▶ What is expected
Beginning with the line below that contains "The first cavity" and ending with the line that contains "意味不明あだ名 | 『永久保存あくろうす』『自称あくろうす』 |", retype every line exactly. Pictures are not copied.

Data records START

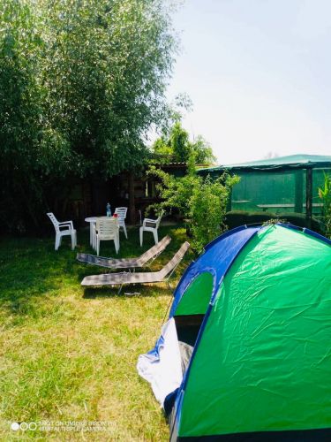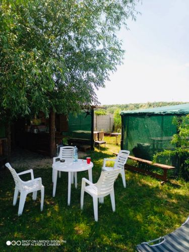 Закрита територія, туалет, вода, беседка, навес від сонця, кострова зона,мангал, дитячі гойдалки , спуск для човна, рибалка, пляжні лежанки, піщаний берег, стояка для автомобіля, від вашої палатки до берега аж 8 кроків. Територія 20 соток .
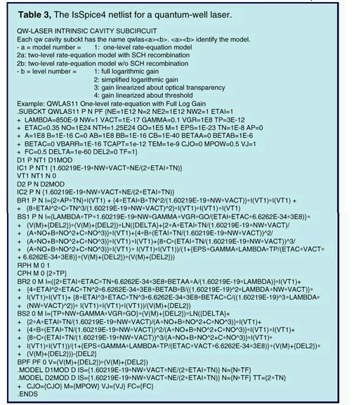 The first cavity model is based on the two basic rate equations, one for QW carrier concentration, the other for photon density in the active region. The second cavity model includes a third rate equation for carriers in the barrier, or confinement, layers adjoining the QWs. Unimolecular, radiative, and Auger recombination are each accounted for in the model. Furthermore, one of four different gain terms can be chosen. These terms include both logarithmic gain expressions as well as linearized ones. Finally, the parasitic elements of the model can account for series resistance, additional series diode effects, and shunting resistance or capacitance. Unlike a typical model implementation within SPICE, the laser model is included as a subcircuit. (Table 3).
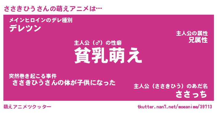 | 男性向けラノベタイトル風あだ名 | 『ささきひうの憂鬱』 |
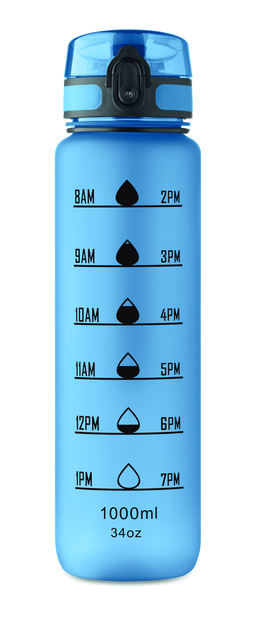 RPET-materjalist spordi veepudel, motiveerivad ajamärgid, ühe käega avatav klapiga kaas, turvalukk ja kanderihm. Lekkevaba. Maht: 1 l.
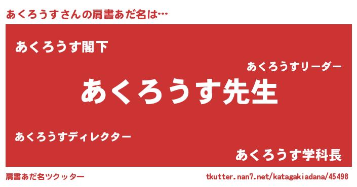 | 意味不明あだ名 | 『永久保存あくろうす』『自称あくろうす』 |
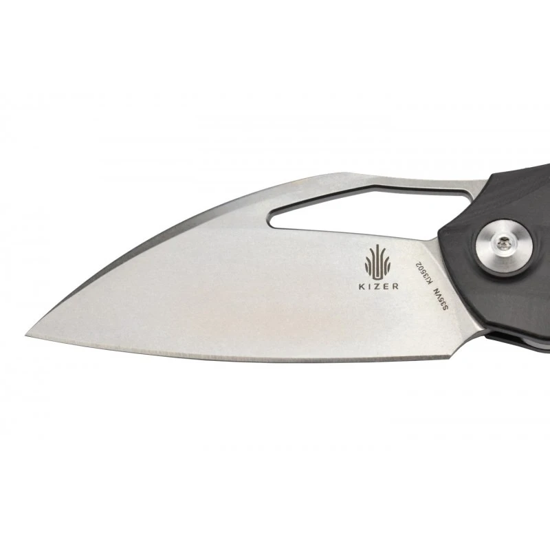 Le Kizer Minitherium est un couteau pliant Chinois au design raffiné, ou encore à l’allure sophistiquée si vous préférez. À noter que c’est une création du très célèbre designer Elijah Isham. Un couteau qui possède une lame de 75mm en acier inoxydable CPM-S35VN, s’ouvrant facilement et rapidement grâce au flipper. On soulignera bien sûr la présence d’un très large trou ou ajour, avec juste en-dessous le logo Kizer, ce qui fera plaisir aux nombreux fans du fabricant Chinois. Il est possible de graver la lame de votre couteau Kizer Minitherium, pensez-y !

Data records END
Data records START

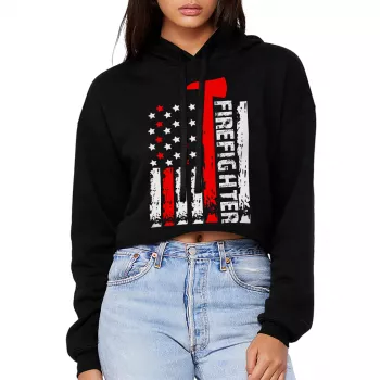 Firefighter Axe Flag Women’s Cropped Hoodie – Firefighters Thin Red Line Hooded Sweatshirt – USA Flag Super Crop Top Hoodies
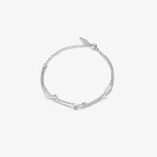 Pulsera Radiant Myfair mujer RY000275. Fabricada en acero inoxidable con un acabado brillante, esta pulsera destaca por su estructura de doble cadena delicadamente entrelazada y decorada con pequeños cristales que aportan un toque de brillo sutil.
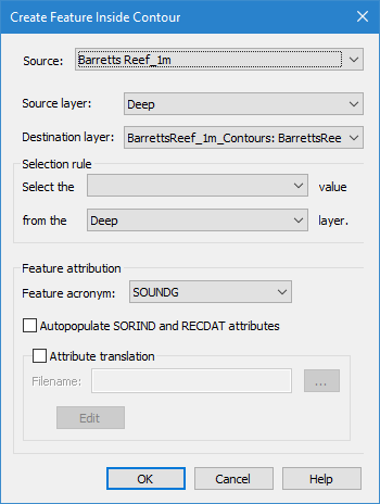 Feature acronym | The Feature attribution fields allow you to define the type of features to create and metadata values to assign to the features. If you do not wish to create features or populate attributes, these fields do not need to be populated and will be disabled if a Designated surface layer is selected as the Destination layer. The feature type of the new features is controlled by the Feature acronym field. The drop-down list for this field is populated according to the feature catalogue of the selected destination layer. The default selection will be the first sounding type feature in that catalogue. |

Data records END

▶ Exercise solution
 The first cavity model is based on the two basic rate equations, one for QW carrier concentration, the other for photon density in the active region. The second cavity model includes a third rate equation for carriers in the barrier, or confinement, layers adjoining the QWs. Unimolecular, radiative, and Auger recombination are each accounted for in the model. Furthermore, one of four different gain terms can be chosen. These terms include both logarithmic gain expressions as well as linearized ones. Finally, the parasitic elements of the model can account for series resistance, additional series diode effects, and shunting resistance or capacitance. Unlike a typical model implementation within SPICE, the laser model is included as a subcircuit. (Table 3).
 | 男性向けラノベタイトル風あだ名 | 『ささきひうの憂鬱』 |
 RPET-materjalist spordi veepudel, motiveerivad ajamärgid, ühe käega avatav klapiga kaas, turvalukk ja kanderihm. Lekkevaba. Maht: 1 l.
 | 意味不明あだ名 | 『永久保存あくろうす』『自称あくろうす』 |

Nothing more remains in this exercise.